In any case, if you dig Dylan’s lyrics as much as his singing of them, this book, which your friendly library may have or which is actually still obtainable from E.P. Dutton, can give you a lot of kicks. It is also stimulating and provocative and, one hopes, will kick off other attempts toward a literary evaluation of Dylan’s poetry.
I was reading it, browsing through it is a better term, when I got the new Dylan concert album which I find to be one of the most satisfying and rewarding albums I have ever had the good fortune to possess. As we all know by now, the concert tour was recorded at various locations and the album assembled from tapes. The Band performs magnificently throughout: their work here may be the best they have ever done. It certainly ranks with their best. And Dylan’s performance, both in his acoustic set and with the Band, is exciting and brilliant in every way. The more I hear it, the more I find in it (a characteristic of Dylan’s work and also of the Band’s). He is in fine voice, arrogant, joyous, commanding, funny and, above all, projecting with amazing power and control. He is triumphant in these performances, just as he was triumphant in the concerts.
I’m sorry for those people who did not enjoy his concerts and for those who decided without hearing them that they would not enjoy them.

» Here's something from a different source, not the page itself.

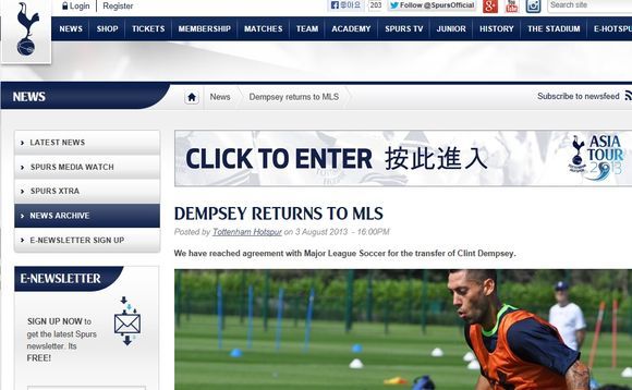 토트넘은 3일(이하 한국시간) 공식 홈페이지를 통해 "뎀프시가 MLS로 돌아간다"면서 "시애틀 선더스와 이적료에 합의했다"고 전했다.

I am sorry for those who, for whatever reason, cannot enjoy this album. I find it a beautiful work of art. As an example of just how deeply successful it is, take ”Rainy Day Women” and ”Blowin” in the Wind.” If ever there were Dylan cliches, these two songs are the perfect examples. Yet he takes each of them, old warhorses of a thousand and a thousand again performances, and gives them a new spirit and a vitality (as well as a refreshing and surprising rhythm switch-around) and they end up being on a par with his very best work.

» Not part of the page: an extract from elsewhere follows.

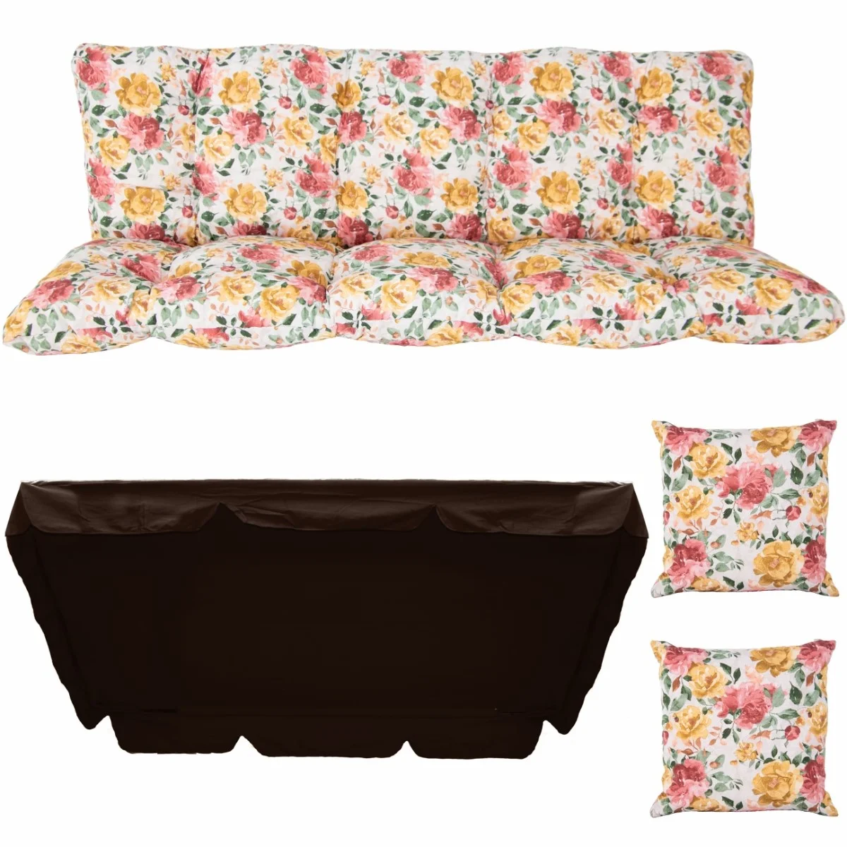 Zestaw na Huśtawkę Ogrodową Poduchy 150cm + 2 Jaśki + Daszek 120x180cm.

I have listened to this album in a variety of ways: concentrating on Rick’s bass, concentrating on Garth’s organ, concentrating on Robbie’s guitar, Levon’s drums, or on Richard’s piano or just on Dylan. Every time I do this. I hear more and more and more. I have to say once again that these men are amazing musicians. That they could do this on the concert stage is remarkable. And that Dylan can blend with them without losing himself and make the total into something unique and very, very special is a tribute to his art.
Bob Dylan and the Band have made something so broad and so strong that it can support a legion of imitators. I know I will be playing this album as long as I have ears to hear.
This story is from the August 29th, 1974 issue of Rolling Stone.